PROVIDED DATA
━━━━━━━━

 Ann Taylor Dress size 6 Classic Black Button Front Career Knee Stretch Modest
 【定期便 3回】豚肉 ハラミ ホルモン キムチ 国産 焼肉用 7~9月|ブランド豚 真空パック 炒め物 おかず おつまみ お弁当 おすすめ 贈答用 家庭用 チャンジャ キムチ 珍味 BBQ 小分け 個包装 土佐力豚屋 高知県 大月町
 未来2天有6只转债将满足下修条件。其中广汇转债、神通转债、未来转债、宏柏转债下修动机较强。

━━━━━━━━

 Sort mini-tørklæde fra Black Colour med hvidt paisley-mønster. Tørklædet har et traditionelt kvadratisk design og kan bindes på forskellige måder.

━━━━━━━━

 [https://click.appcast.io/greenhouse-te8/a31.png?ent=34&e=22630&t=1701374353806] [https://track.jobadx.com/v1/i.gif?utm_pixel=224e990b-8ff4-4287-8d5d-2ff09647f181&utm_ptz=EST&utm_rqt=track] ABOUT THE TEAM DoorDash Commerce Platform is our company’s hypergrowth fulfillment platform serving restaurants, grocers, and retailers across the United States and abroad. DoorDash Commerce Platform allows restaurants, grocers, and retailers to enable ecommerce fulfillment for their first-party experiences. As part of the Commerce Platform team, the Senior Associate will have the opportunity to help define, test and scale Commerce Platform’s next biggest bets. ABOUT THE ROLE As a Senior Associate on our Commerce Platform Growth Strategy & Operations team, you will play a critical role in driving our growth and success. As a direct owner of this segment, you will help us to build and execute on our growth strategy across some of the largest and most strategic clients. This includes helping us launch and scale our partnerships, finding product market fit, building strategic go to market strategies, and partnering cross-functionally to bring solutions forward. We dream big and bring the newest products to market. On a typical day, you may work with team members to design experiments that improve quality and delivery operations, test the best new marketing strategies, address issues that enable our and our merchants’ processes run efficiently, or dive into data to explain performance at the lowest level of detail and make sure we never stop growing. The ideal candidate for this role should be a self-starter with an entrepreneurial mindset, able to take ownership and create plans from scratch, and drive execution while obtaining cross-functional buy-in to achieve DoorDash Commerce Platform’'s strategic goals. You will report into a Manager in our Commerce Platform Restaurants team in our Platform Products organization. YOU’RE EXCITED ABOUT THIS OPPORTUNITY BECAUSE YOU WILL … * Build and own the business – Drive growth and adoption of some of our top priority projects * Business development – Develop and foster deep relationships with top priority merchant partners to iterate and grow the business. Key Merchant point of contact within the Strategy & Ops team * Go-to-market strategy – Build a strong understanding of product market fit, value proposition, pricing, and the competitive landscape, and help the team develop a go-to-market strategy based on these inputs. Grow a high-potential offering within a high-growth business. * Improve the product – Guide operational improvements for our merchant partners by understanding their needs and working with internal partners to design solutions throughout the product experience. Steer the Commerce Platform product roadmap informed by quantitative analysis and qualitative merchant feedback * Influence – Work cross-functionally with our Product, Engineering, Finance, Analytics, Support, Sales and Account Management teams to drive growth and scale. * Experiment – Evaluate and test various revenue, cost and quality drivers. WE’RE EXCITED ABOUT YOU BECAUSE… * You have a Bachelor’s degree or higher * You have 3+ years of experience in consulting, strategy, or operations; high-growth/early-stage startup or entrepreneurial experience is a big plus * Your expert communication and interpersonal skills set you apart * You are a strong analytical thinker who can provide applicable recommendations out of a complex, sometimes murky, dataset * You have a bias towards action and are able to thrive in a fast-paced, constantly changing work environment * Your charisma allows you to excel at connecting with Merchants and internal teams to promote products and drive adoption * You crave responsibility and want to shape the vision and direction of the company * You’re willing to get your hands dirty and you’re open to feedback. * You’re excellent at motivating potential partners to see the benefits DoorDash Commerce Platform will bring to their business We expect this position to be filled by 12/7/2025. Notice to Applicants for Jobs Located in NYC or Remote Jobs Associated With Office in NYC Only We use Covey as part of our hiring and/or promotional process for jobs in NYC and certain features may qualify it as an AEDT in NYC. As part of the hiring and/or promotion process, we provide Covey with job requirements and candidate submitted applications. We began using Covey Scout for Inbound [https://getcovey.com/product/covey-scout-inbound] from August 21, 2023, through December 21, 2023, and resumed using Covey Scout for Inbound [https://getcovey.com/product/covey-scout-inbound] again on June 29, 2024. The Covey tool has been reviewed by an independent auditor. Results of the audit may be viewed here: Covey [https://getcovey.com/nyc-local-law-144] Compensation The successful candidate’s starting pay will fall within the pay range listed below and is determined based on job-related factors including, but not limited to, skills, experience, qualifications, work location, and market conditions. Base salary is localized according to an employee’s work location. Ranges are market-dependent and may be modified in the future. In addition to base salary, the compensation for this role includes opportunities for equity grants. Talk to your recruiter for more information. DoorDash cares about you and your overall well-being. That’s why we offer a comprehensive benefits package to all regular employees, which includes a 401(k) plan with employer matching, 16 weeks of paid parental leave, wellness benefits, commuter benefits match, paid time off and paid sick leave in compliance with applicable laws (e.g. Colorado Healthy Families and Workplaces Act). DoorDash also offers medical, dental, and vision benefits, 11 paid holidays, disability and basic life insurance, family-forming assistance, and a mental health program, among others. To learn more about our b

━━━━━━━━

AIM OF THE TASK
Wherever the string "Black" appears in the data above, copy the line it sits in.

OUTPUT FOR THIS TASK
 Ann Taylor Dress size 6 Classic Black Button Front Career Knee Stretch Modest
 Sort mini-tørklæde fra Black Colour med hvidt paisley-mønster. Tørklædet har et traditionelt kvadratisk design og kan bindes på forskellige måder.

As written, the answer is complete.